_Work instruction_:
The required output is the line with "A framework to" plus all lines that follow it to the end of the listing below, written out exactly, with no pictures.
┌─ Collected data
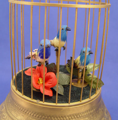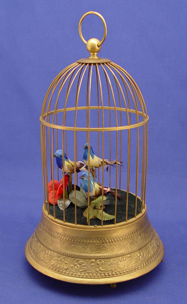3 BIRD SINGING AUTOMATON: 3 birds in brass cage. Tails and beaks move and chirp on 2 birds, 3rd bird head swivels back and forth as well. Chirping is very faint. Measures 11'' high x 7'' dia.
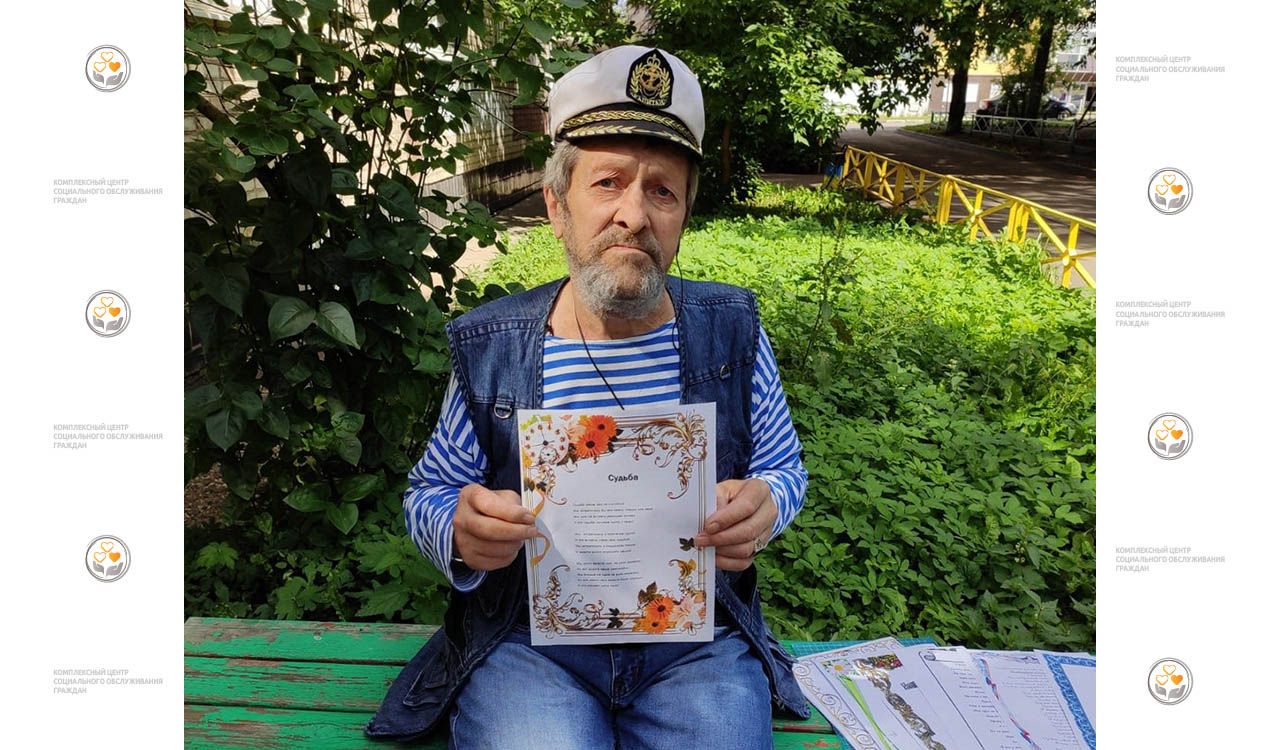 На фото: получатель социальных услуг Центра Симонов Александр Ильич и его любимое стихотворение, которое называется «Судьба».
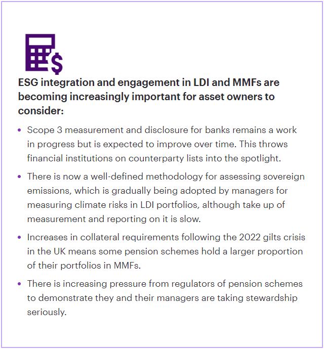 A framework to help asset owners when considering ESG risks and reviewing counterparty engagement in LDI and money market funds
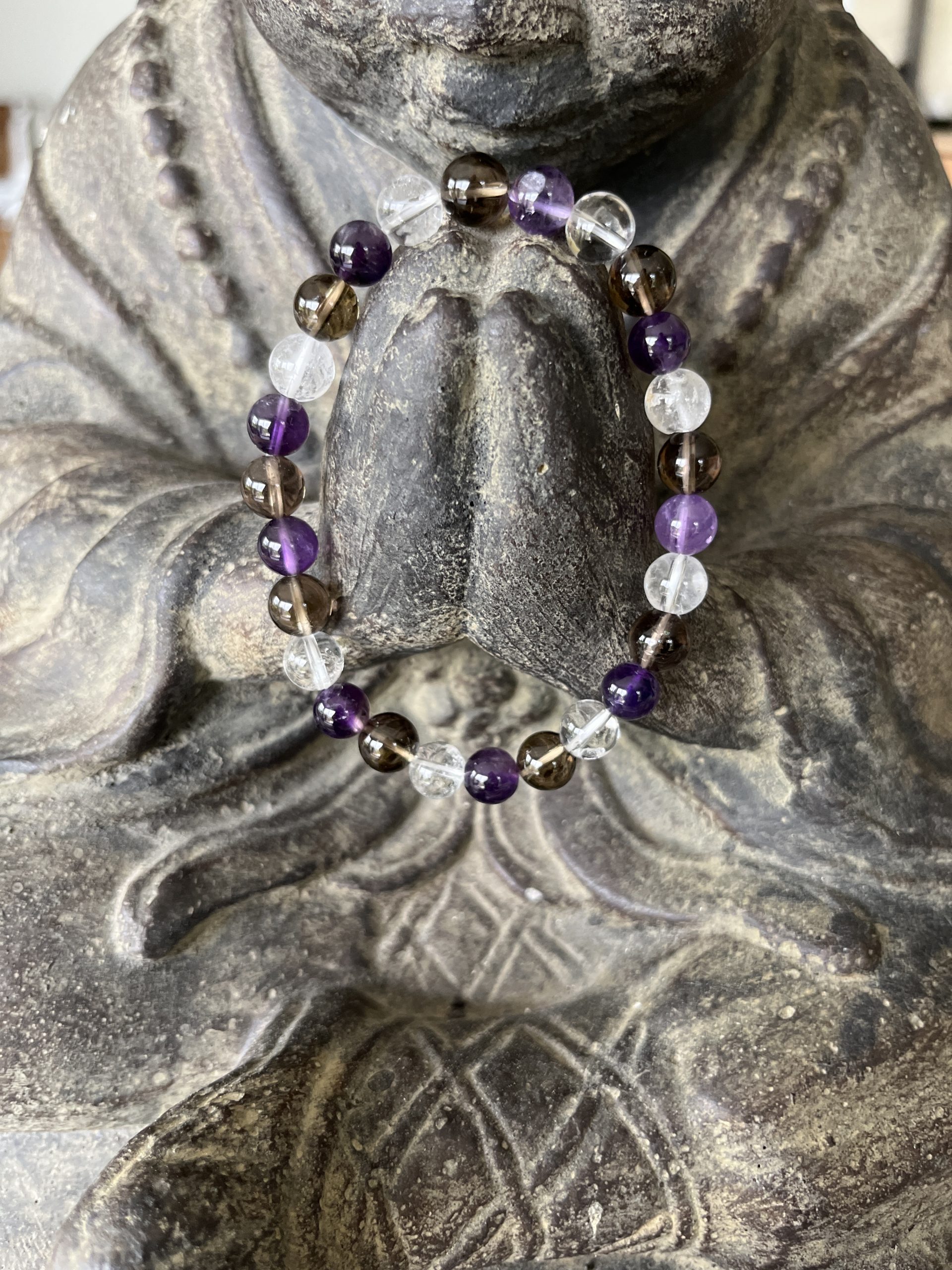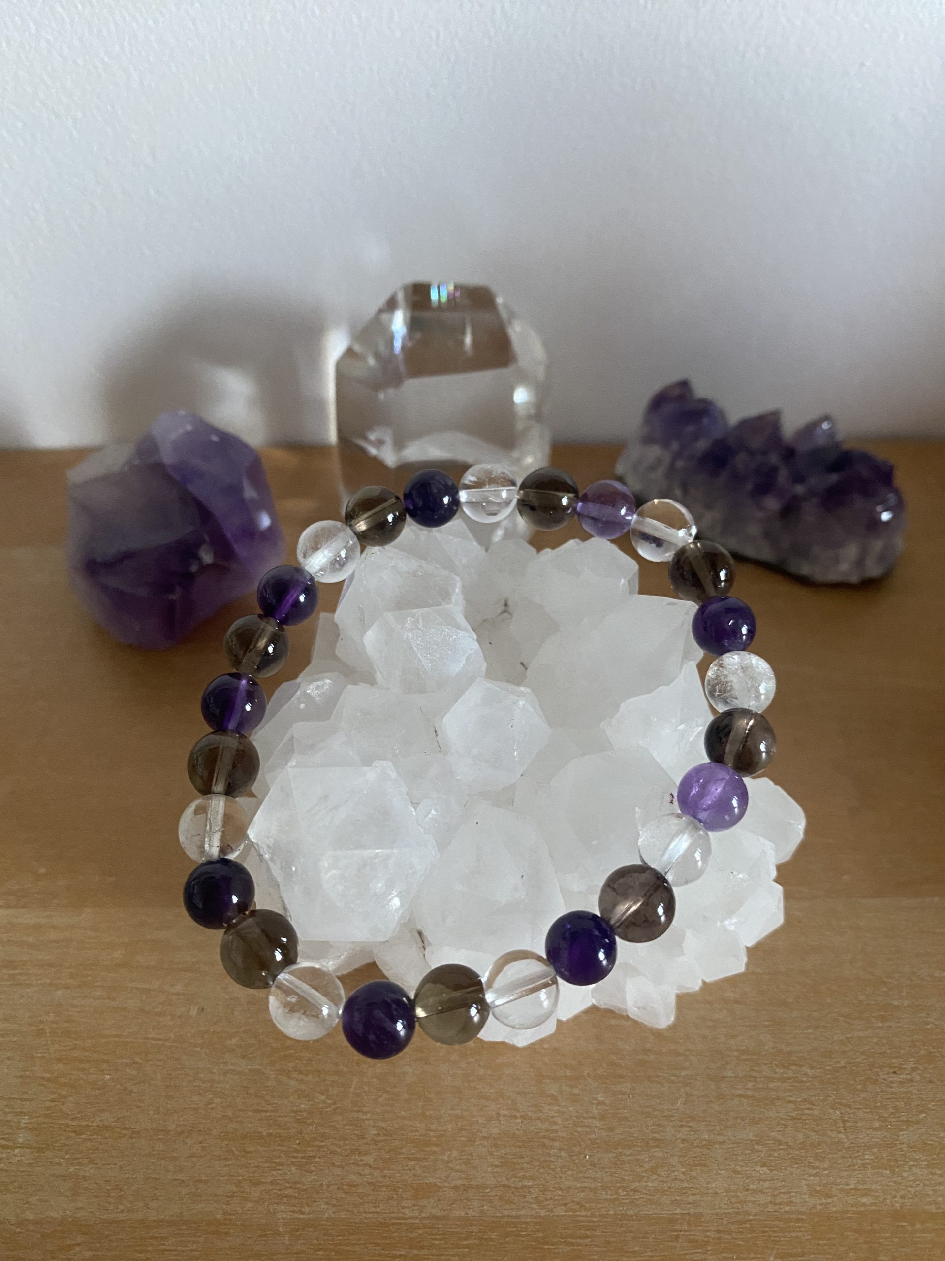 Bracelet en quartz fumé, cristal de roche et amethyste fabriqué par plume étoilée avec des pierres naturelles de 8 mm.
└─
_Exercise solution_:
 A framework to help asset owners when considering ESG risks and reviewing counterparty engagement in LDI and money market funds
 Bracelet en quartz fumé, cristal de roche et amethyste fabriqué par plume étoilée avec des pierres naturelles de 8 mm.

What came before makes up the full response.